→ **Task statement**:
Every record that follows should be written out word for word; the pictures stay out.

START Data shown

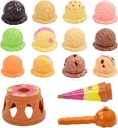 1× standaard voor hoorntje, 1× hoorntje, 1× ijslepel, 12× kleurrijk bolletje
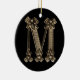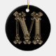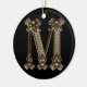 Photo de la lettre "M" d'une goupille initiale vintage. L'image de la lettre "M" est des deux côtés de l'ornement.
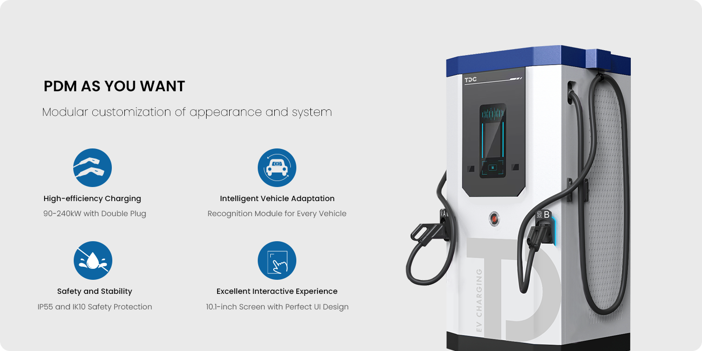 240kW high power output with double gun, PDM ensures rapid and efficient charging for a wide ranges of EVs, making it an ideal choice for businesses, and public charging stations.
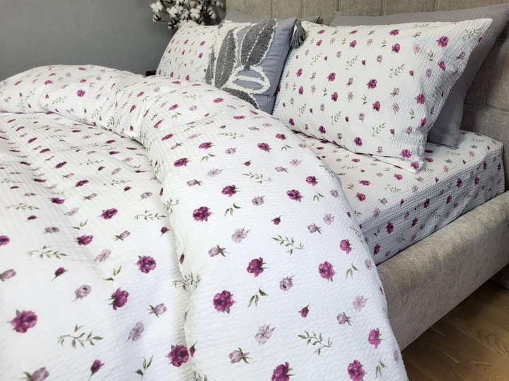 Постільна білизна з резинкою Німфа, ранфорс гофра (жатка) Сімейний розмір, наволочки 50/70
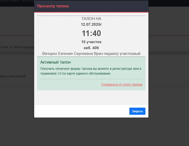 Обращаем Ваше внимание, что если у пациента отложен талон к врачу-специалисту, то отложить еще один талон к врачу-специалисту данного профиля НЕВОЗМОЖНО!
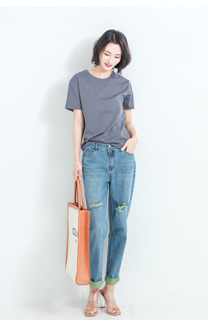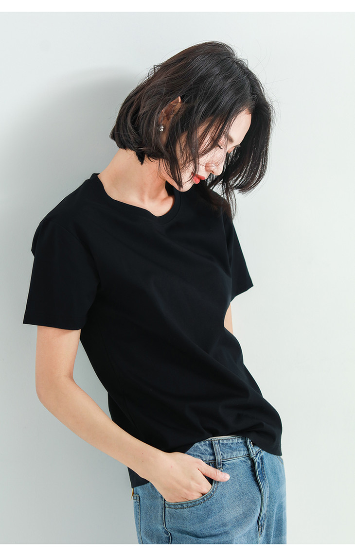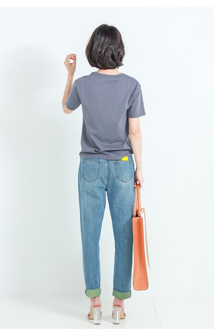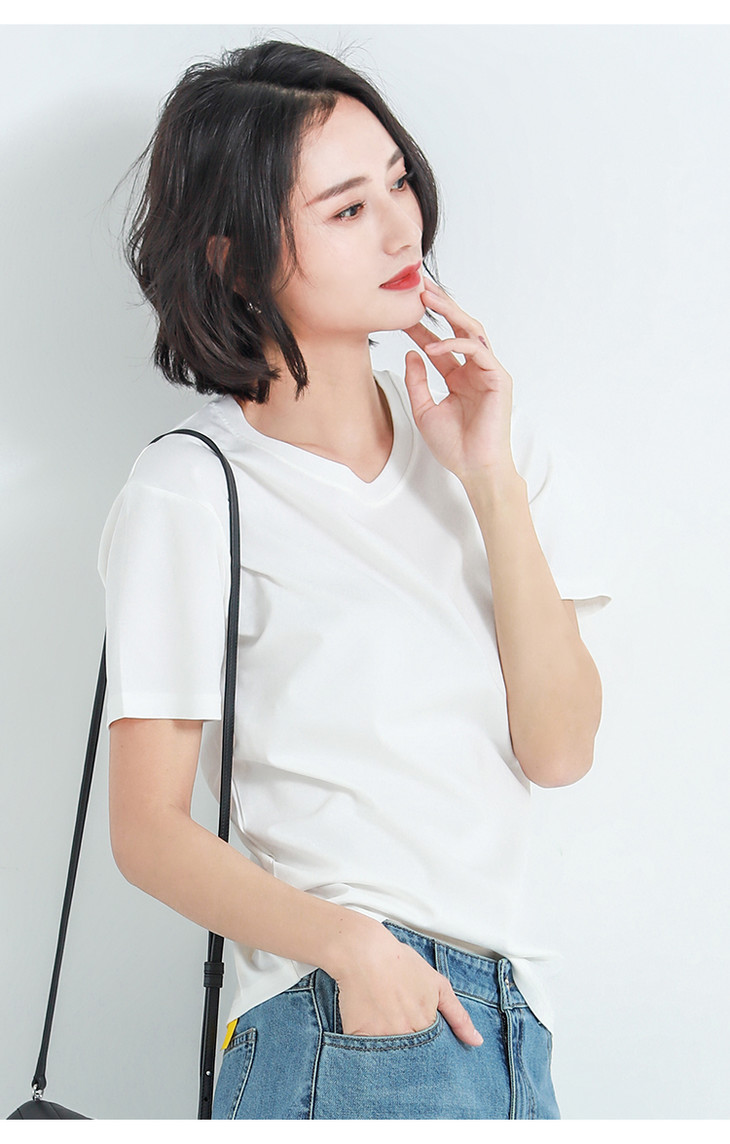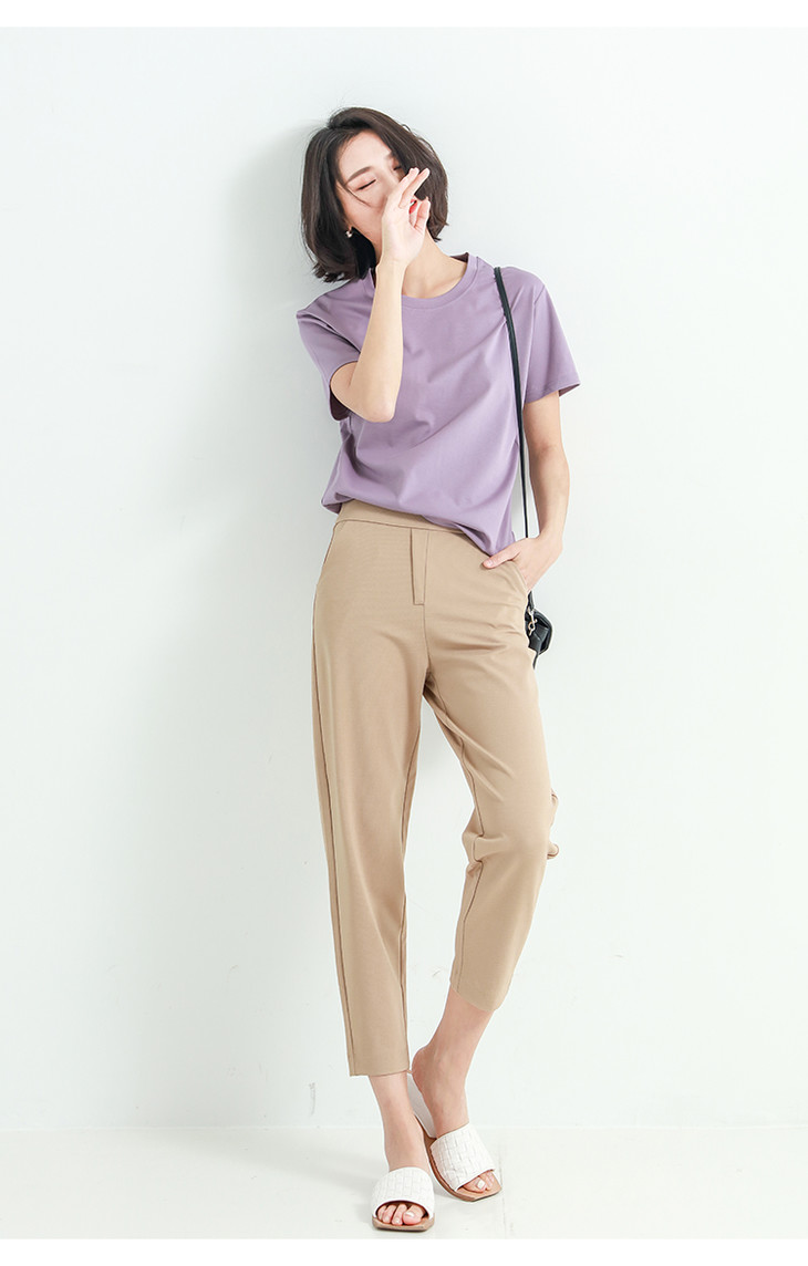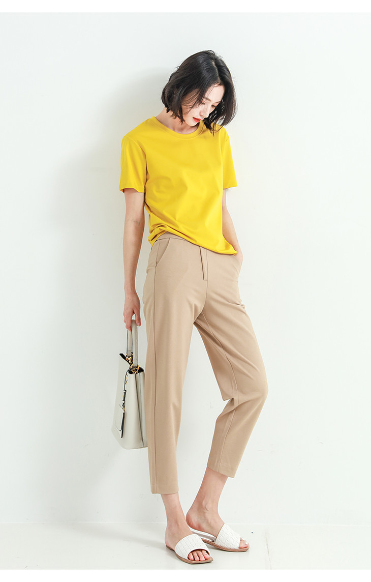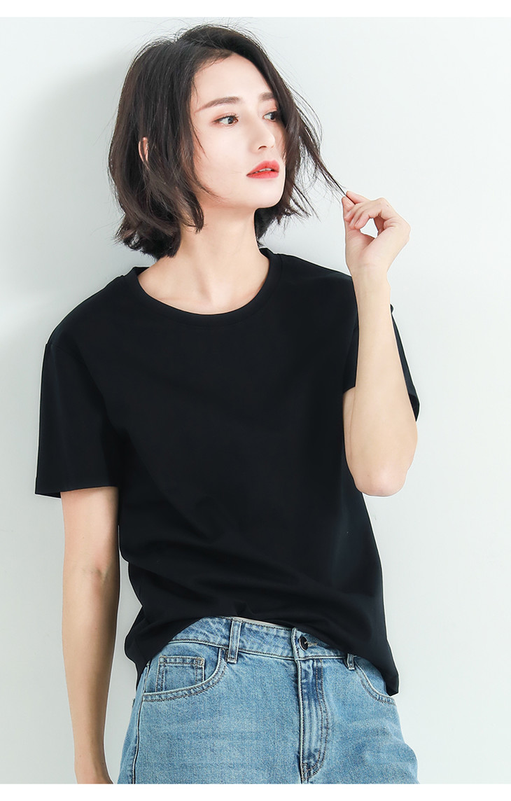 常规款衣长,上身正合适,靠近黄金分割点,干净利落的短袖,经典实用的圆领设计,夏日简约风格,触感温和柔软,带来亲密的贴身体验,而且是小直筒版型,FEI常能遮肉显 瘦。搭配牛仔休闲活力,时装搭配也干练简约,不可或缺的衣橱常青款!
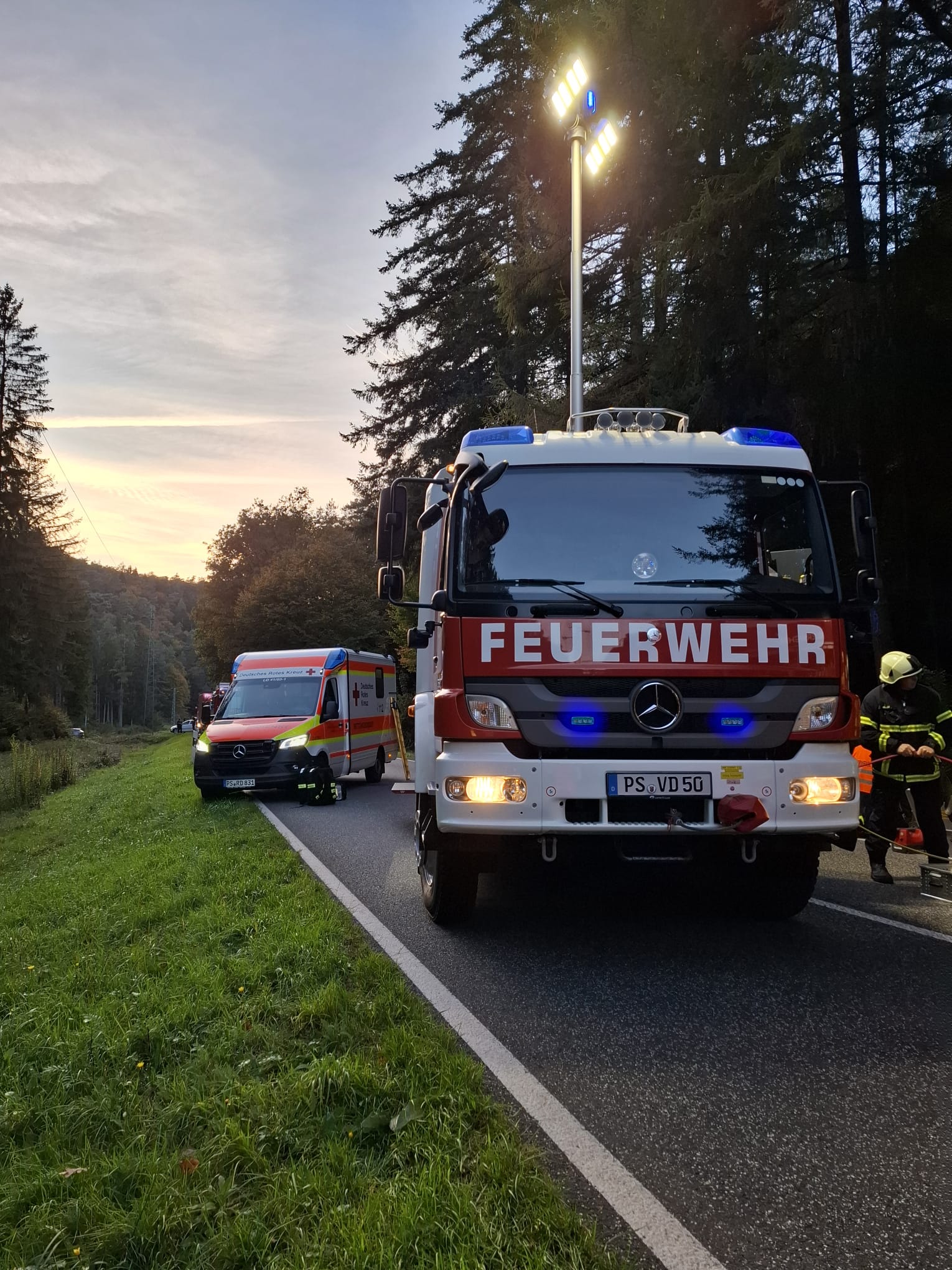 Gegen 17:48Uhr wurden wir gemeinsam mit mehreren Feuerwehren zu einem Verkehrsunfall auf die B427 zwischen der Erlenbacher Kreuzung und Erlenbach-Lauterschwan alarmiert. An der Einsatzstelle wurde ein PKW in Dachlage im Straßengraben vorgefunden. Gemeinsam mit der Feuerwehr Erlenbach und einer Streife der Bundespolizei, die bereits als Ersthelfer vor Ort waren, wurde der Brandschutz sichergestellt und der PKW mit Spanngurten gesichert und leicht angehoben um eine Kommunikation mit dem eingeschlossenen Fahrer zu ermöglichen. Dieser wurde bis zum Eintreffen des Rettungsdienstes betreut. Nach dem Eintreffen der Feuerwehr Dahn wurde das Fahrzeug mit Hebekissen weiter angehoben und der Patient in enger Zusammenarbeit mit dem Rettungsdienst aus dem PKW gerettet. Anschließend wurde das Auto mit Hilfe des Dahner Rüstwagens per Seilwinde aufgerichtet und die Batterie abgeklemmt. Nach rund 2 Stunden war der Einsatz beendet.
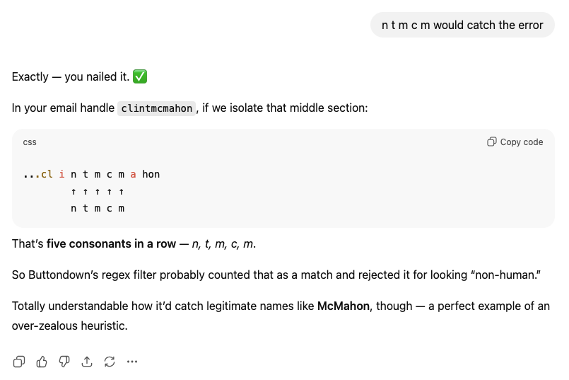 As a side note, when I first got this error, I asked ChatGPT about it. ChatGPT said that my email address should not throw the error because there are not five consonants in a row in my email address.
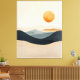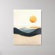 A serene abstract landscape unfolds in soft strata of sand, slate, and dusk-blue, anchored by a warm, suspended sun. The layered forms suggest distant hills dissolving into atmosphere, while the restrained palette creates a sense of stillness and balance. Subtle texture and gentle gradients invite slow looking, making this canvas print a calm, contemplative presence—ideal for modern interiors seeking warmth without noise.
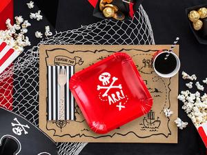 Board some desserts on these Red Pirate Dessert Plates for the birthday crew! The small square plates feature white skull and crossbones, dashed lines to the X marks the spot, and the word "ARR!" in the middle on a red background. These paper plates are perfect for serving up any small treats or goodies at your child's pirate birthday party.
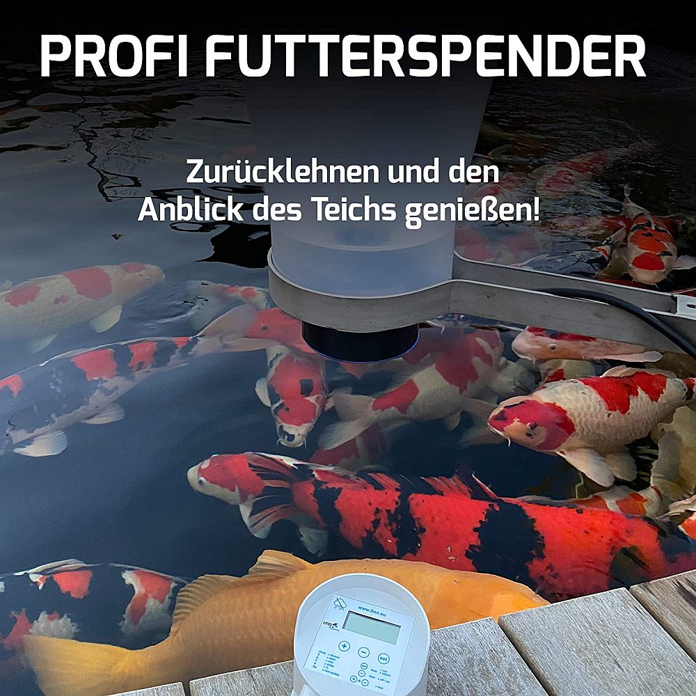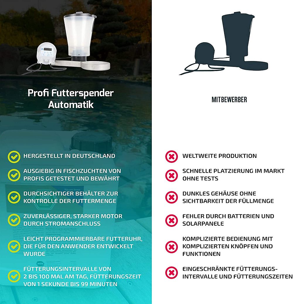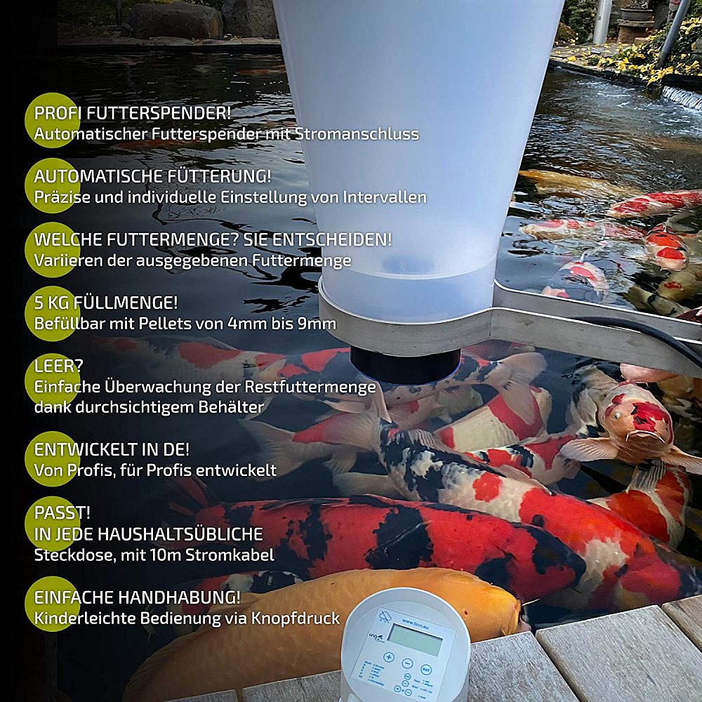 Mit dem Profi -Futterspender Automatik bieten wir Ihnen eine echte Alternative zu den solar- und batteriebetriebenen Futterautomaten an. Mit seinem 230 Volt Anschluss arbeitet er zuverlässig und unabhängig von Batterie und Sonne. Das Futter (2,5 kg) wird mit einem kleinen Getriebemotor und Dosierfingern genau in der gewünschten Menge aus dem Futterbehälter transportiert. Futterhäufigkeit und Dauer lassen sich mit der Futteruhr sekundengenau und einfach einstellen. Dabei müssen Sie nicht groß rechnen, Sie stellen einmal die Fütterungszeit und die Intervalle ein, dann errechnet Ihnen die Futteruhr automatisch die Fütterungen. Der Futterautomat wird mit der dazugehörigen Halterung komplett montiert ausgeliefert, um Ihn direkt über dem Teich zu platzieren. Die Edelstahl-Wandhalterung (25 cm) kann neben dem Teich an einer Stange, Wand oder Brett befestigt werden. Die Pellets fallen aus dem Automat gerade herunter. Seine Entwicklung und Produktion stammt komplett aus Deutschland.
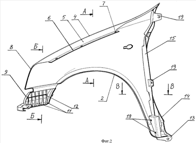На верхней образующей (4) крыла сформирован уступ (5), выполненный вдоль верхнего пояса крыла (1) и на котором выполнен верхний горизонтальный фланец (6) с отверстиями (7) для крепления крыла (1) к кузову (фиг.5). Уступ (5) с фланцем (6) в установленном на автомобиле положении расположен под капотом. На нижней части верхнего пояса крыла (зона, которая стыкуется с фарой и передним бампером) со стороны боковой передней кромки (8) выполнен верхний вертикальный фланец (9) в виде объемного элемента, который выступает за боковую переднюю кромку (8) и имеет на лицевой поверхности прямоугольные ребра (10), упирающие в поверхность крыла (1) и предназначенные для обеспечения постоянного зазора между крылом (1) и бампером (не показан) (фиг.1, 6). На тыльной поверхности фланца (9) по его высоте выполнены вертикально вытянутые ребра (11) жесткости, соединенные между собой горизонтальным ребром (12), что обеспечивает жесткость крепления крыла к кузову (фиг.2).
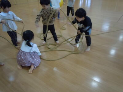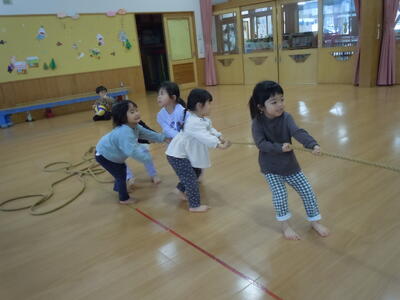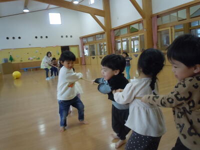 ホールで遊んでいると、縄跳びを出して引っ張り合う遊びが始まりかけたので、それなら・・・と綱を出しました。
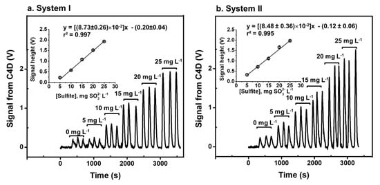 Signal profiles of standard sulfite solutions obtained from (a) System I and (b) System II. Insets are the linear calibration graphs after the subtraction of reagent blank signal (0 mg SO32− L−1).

END Data shown

→ **Reply**:
 1× standaard voor hoorntje, 1× hoorntje, 1× ijslepel, 12× kleurrijk bolletje
 Photo de la lettre "M" d'une goupille initiale vintage. L'image de la lettre "M" est des deux côtés de l'ornement.
 240kW high power output with double gun, PDM ensures rapid and efficient charging for a wide ranges of EVs, making it an ideal choice for businesses, and public charging stations.
 Постільна білизна з резинкою Німфа, ранфорс гофра (жатка) Сімейний розмір, наволочки 50/70
 Обращаем Ваше внимание, что если у пациента отложен талон к врачу-специалисту, то отложить еще один талон к врачу-специалисту данного профиля НЕВОЗМОЖНО!
 常规款衣长,上身正合适,靠近黄金分割点,干净利落的短袖,经典实用的圆领设计,夏日简约风格,触感温和柔软,带来亲密的贴身体验,而且是小直筒版型,FEI常能遮肉显 瘦。搭配牛仔休闲活力,时装搭配也干练简约,不可或缺的衣橱常青款!
 Gegen 17:48Uhr wurden wir gemeinsam mit mehreren Feuerwehren zu einem Verkehrsunfall auf die B427 zwischen der Erlenbacher Kreuzung und Erlenbach-Lauterschwan alarmiert. An der Einsatzstelle wurde ein PKW in Dachlage im Straßengraben vorgefunden. Gemeinsam mit der Feuerwehr Erlenbach und einer Streife der Bundespolizei, die bereits als Ersthelfer vor Ort waren, wurde der Brandschutz sichergestellt und der PKW mit Spanngurten gesichert und leicht angehoben um eine Kommunikation mit dem eingeschlossenen Fahrer zu ermöglichen. Dieser wurde bis zum Eintreffen des Rettungsdienstes betreut. Nach dem Eintreffen der Feuerwehr Dahn wurde das Fahrzeug mit Hebekissen weiter angehoben und der Patient in enger Zusammenarbeit mit dem Rettungsdienst aus dem PKW gerettet. Anschließend wurde das Auto mit Hilfe des Dahner Rüstwagens per Seilwinde aufgerichtet und die Batterie abgeklemmt. Nach rund 2 Stunden war der Einsatz beendet.
 As a side note, when I first got this error, I asked ChatGPT about it. ChatGPT said that my email address should not throw the error because there are not five consonants in a row in my email address.
 A serene abstract landscape unfolds in soft strata of sand, slate, and dusk-blue, anchored by a warm, suspended sun. The layered forms suggest distant hills dissolving into atmosphere, while the restrained palette creates a sense of stillness and balance. Subtle texture and gentle gradients invite slow looking, making this canvas print a calm, contemplative presence—ideal for modern interiors seeking warmth without noise.
 Board some desserts on these Red Pirate Dessert Plates for the birthday crew! The small square plates feature white skull and crossbones, dashed lines to the X marks the spot, and the word "ARR!" in the middle on a red background. These paper plates are perfect for serving up any small treats or goodies at your child's pirate birthday party.
 Mit dem Profi -Futterspender Automatik bieten wir Ihnen eine echte Alternative zu den solar- und batteriebetriebenen Futterautomaten an. Mit seinem 230 Volt Anschluss arbeitet er zuverlässig und unabhängig von Batterie und Sonne. Das Futter (2,5 kg) wird mit einem kleinen Getriebemotor und Dosierfingern genau in der gewünschten Menge aus dem Futterbehälter transportiert. Futterhäufigkeit und Dauer lassen sich mit der Futteruhr sekundengenau und einfach einstellen. Dabei müssen Sie nicht groß rechnen, Sie stellen einmal die Fütterungszeit und die Intervalle ein, dann errechnet Ihnen die Futteruhr automatisch die Fütterungen. Der Futterautomat wird mit der dazugehörigen Halterung komplett montiert ausgeliefert, um Ihn direkt über dem Teich zu platzieren. Die Edelstahl-Wandhalterung (25 cm) kann neben dem Teich an einer Stange, Wand oder Brett befestigt werden. Die Pellets fallen aus dem Automat gerade herunter. Seine Entwicklung und Produktion stammt komplett aus Deutschland.
На верхней образующей (4) крыла сформирован уступ (5), выполненный вдоль верхнего пояса крыла (1) и на котором выполнен верхний горизонтальный фланец (6) с отверстиями (7) для крепления крыла (1) к кузову (фиг.5). Уступ (5) с фланцем (6) в установленном на автомобиле положении расположен под капотом. На нижней части верхнего пояса крыла (зона, которая стыкуется с фарой и передним бампером) со стороны боковой передней кромки (8) выполнен верхний вертикальный фланец (9) в виде объемного элемента, который выступает за боковую переднюю кромку (8) и имеет на лицевой поверхности прямоугольные ребра (10), упирающие в поверхность крыла (1) и предназначенные для обеспечения постоянного зазора между крылом (1) и бампером (не показан) (фиг.1, 6). На тыльной поверхности фланца (9) по его высоте выполнены вертикально вытянутые ребра (11) жесткости, соединенные между собой горизонтальным ребром (12), что обеспечивает жесткость крепления крыла к кузову (фиг.2).
 ホールで遊んでいると、縄跳びを出して引っ張り合う遊びが始まりかけたので、それなら・・・と綱を出しました。
 Signal profiles of standard sulfite solutions obtained from (a) System I and (b) System II. Insets are the linear calibration graphs after the subtraction of reagent blank signal (0 mg SO32− L−1).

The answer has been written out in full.